Hi Kale. The way you shoot you could use either arrow and do just fine. If you look at a couple of the guys in the shoots you go to you will see both. Dean shoots the fatboys, Cody shoots ace's. Not that I'm in their class, but I shoot the 400- Beman 9.3's [which are rejected fatboys]. I have ground down an 80 grain fatboy tip to 65 grains, and at 57 lbs, 29" I'm getting 295 fps and the arrows are flying fine. I have found a difference down range between the fatter shafts and the skinnier shafts as the fatter shafts seem to have a parachute on them at longer distances. The skinnier shafts have less wind resistance and will stay flatter at longer ranges. Indoors it really doesn't matter as you always know the distance and can reference something to get an accurate distance. Here in Southern Alberta I will not use the fat shafts outdoors as the wind throws them sideways and they are terrible in the wind.
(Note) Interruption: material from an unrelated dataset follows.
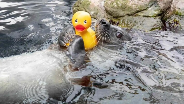 أصبحت فقمة الميناء “ريغي”، البالغة من العمر 33 عامًا في حوض أسماك نيو إنجلاند ببوسطن، محور اهتمام رواد وسائل التواصل الاجتماعي بعد انتشار مقطع فيديو لها وهي تلعب ببطتها المطاطية.
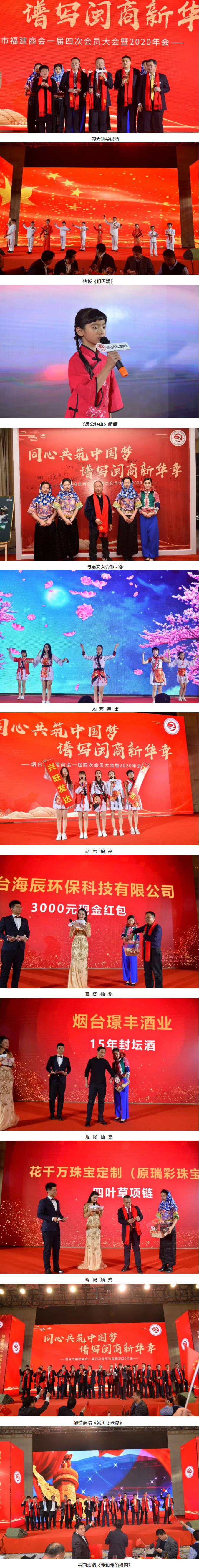 “八闽儿女多才俊,黄海之滨竞风流。”烟台市福建商会一届四次会员大会暨2020年会晚宴,在快板《祖国颂》中拉开帷幕,节目内容涉及诗朗诵、独唱、歌伴舞、大合唱等,给与会领导嘉宾、社会各界及会员企业送上了最诚挚的新春祝福和美好祝愿!

Of course, I won't fork out the money for the ace's and have managed to collect acc's and I will use them as a terrific compromise.
I hope this helps. Oh yeah, I have found that you need a slightly larger vane, like 2.75" to aid them in flying well. The smaller, tiny 3d vanes don't seem to do it. Of course, if your form is excellent, then this may make a difference.
See ya at the nationals.
Terry


----------



## Brad HT (Dec 9, 2006)

I have used both fatboys and ACC's. I have never tried the ACE's, only because of the money issue, though I would love to try them sometime.
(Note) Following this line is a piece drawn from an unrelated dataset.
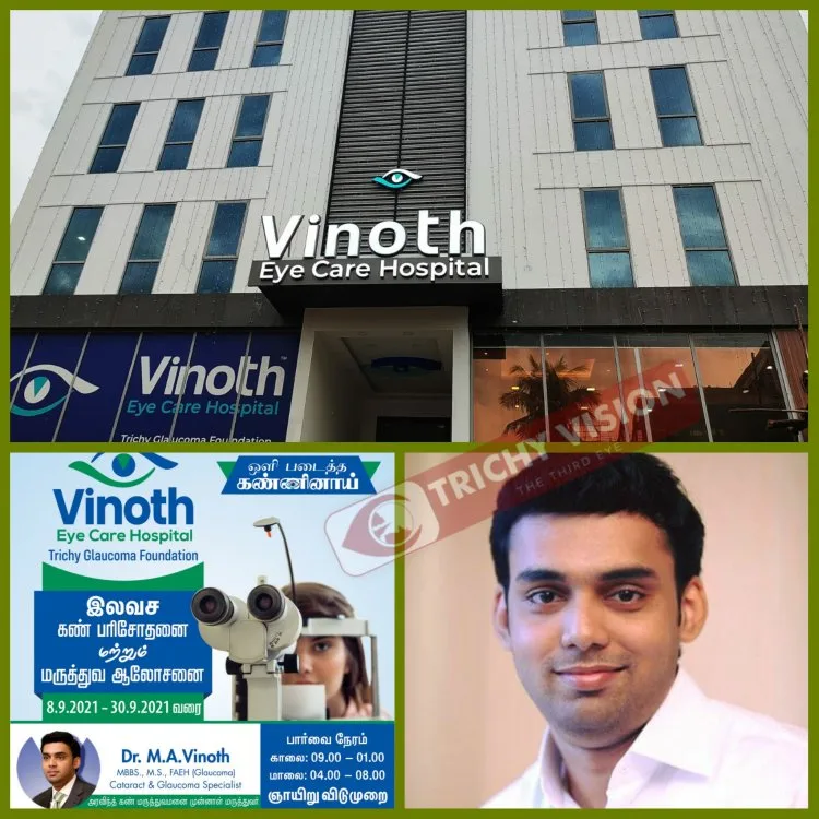 திருச்சி தில்லை நகரில் செயல்பட்டு வரும் வினோத் ஐகேர் மருத்துவமனை மற்றும் திருச்சி கிளக்கோமா அறக்கட்டளை இணைந்து இலவச கண் சிகிச்சை மற்றும் மருத்துவ ஆலோசனையை ஏற்பாடு செய்துள்ளனர்.

this year I decided to go with the ACC's for 3D to see if my score increased over my usual average. My score actually jumped quite a bit, by almost 10 points on average. There are other issues that play into this, but I am still convinced that the arrows helped that jump quite a bit. I did take into consideration of the line cutting abilities of the fatboys, and so I kept track of the arrow's impact point on every shot for several tournaments, and shoots. I have found for myself that there would have only been on average, only 3 targets out of 30 that having a fatter shaft would have garnered me a higher point. (I do concede that there can be many other factors in this, but its my only non scientific research).
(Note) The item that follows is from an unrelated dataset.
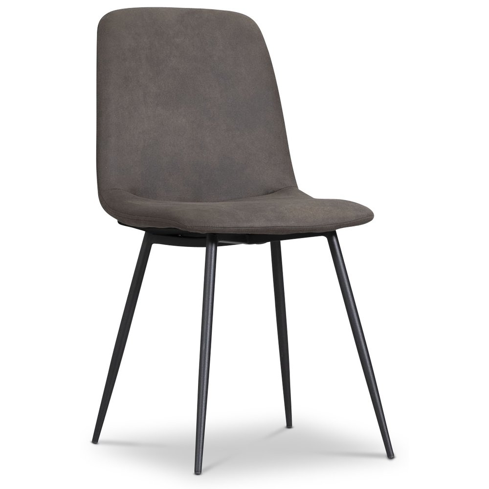 Matgrupp från Skånska Möbelhuset, Smokey matbord 120 cm i diameter med mdf-toppskiva med ljus betsad ekfoliering. Medföljer 4 st matchande Smokey matstolar i gråbrunt vintage tyg med svarta ben.

I really like the smaller more accurate shafts for my bow. they fly better, and its easier to find some that are exactly spined correctly for my bow, rather than having to settle for one of 3 or 4 sizes of fatboys.... Im not sure If ill switch back to the fat shafts again, if I do, itll be because I dont want to loose any of those expensive arrows...:wink:

I hope this helps, I could certainly go on and on about all the different choices I had to make with vanes, etc, and the effect It had on the accuracy of the flight, but it was an interesting process for me to go through, and I learned quite a bit about arrows...

B~:darkbeer:


----------



## Hopperton (Oct 30, 2005)

I am torn between fat and ACC this year after taking last year off due to work. I have been readin for two hours now on the two different groups and I must say for the $200.00 for a complete set of ACC arrows I am going to try them out.


----------



## Rootbeer LX (Jan 2, 2010)

I LOVE my FatBoys,can't see myself using anything else.


----------



## N7709K (Dec 17, 2008)

i'm really happy with my Victory nanoforce, but i also have done decent with gt xxx's


----------